GIVEN DATA:

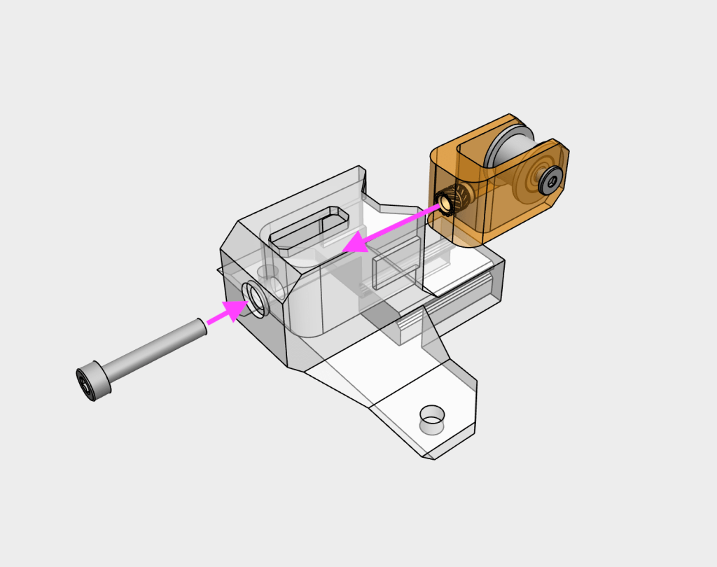 Slide the completed idler_assembly into the y_axis_tensioner and secure with a M3x18 SHCS screw. Do not tighten all the way to leave room for belt tension adjustment later
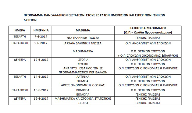 Δείτε το πρόγραμμα των πανελλαδικών εξετάσεων 2017
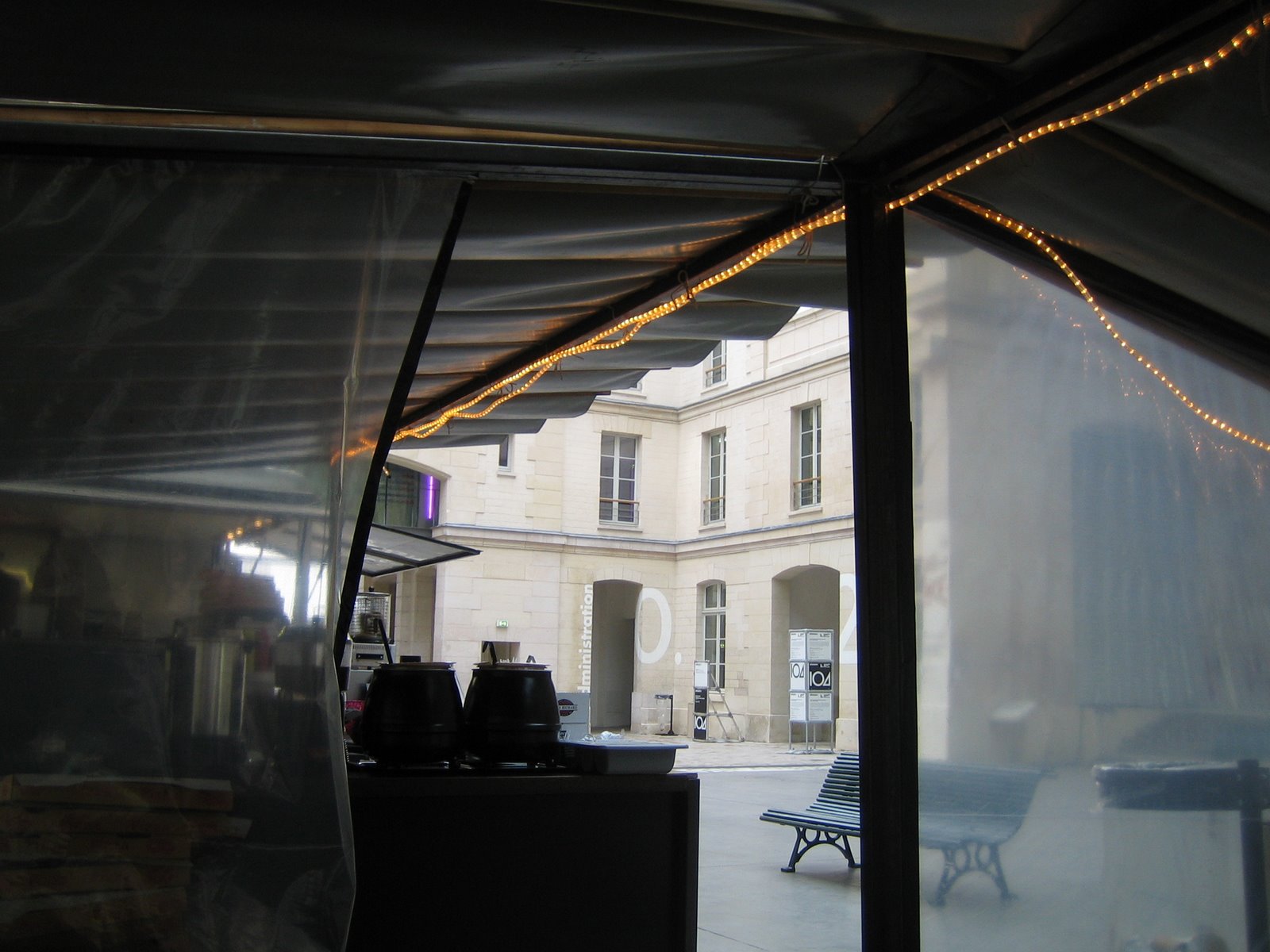A l’intérieur, quatre longues tables, huit bancs, souffle remué du chauffage qui ne chauffe rien – mais sans ce bruit ce serait trop d’hiver. Délimite les quatre murs, le toit, harmonise l’ensemble : une guirlande électrique de type chic, monochrome, suite de diodes adoucies par la gaine protectrice qui donne un air de fête, bien sûr, mais une fête qui ne demande rien. Dans son sillage pas de nécessité d’alcool, musique forte, flonflons. On peut rester à ne rien faire.
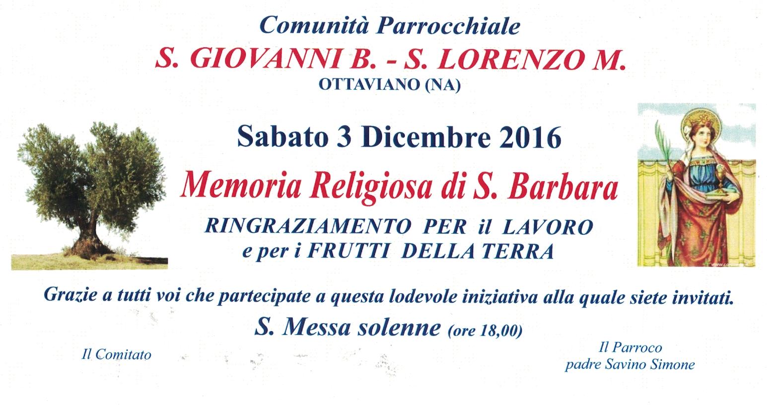 Un’esortazione alla speranza è l’omaggio che sabato 3 dicembre i contadini ottavianesi tributeranno, nella Chiesa di San Giovanni, a Santa Barbara. La tradizione di questo culto, di antica data, venne ripresa e rinnovata, qualche anno fa, dal parroco don Antonio Fasulo: il parroco di oggi, don Savino, la comunità parrocchiale di San Giovanni e di San Lorenzo, e Vincenzo Caldarelli, che cura l’organizzazione della cerimonia “laica”, mirano a interpretare il rito in una prospettiva non solo storica e religiosa, ma anche sociale, nella speranza che l’agricoltura, affidata al lavoro dei giovani, possa salvare l’economia della città. Il prof. Cimmino ha trovato interessanti documenti, che pubblicherà prossimamente, su un rito di offerta dei frutti della terra che si tenne nel dicembre del 1632 nella chiesa di San Michele, in due cappelle, una consacrata a San Felice e l’altra alla Madonna del Carmelo. Questa cappella, sotto il patronato della famiglia Nardi, era retta in quella data dal sacerdote G.B. Bifulco. Dice il prof. Cimmino che non a caso le famiglie Nardi e Bifulco controllavano il fiorente mercato delle castagne e delle mele annurche prodotte a Ottajano.
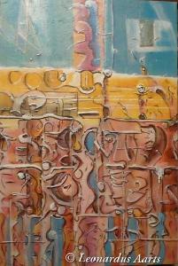 "Moonage Daydream" (named after a David Bowie song), acrylics and multi media on canvas board, by Leon Aarts (gifted)
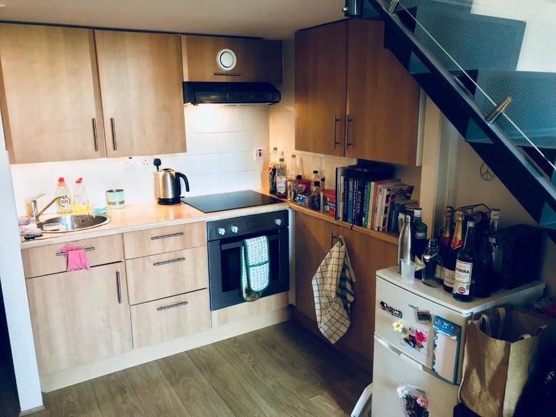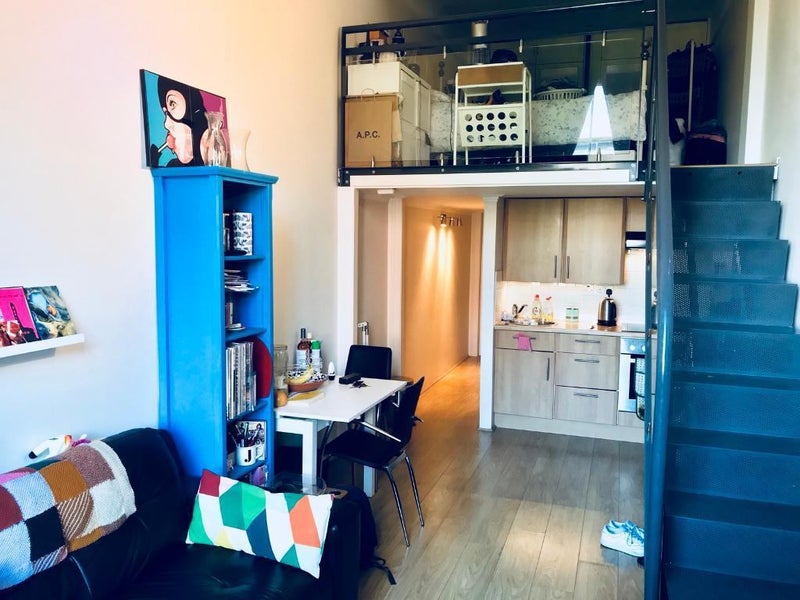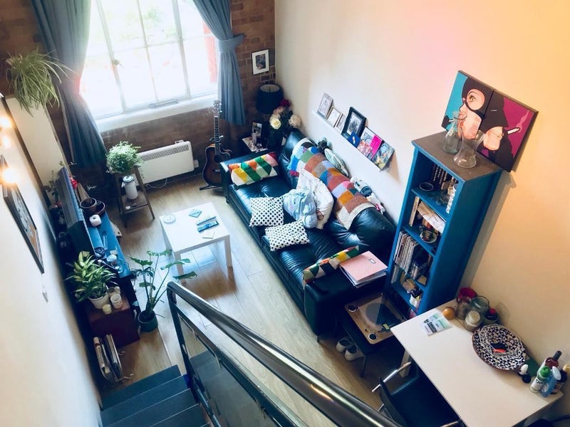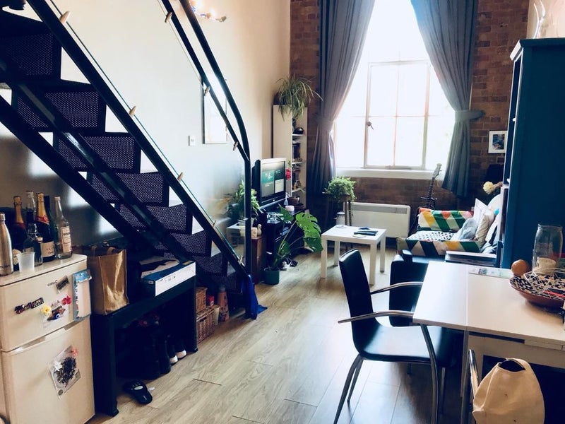 The living room benefits from double height ceilings and the exposed brickwork and huge window that makes the flats in this 1800s matchstick factory completely unique. The loft-style conversion features modern fittings in both the kitchen and bathroom.

INSTRUCTIONS FOR THE TASK: Exactly as they appear, please return only the lines from the first line of the records through the line containing "Δείτε το πρόγραμμα", both included, leaving out all pictures.

WRITTEN SOLUTION:
 Slide the completed idler_assembly into the y_axis_tensioner and secure with a M3x18 SHCS screw. Do not tighten all the way to leave room for belt tension adjustment later
 Δείτε το πρόγραμμα των πανελλαδικών εξετάσεων 2017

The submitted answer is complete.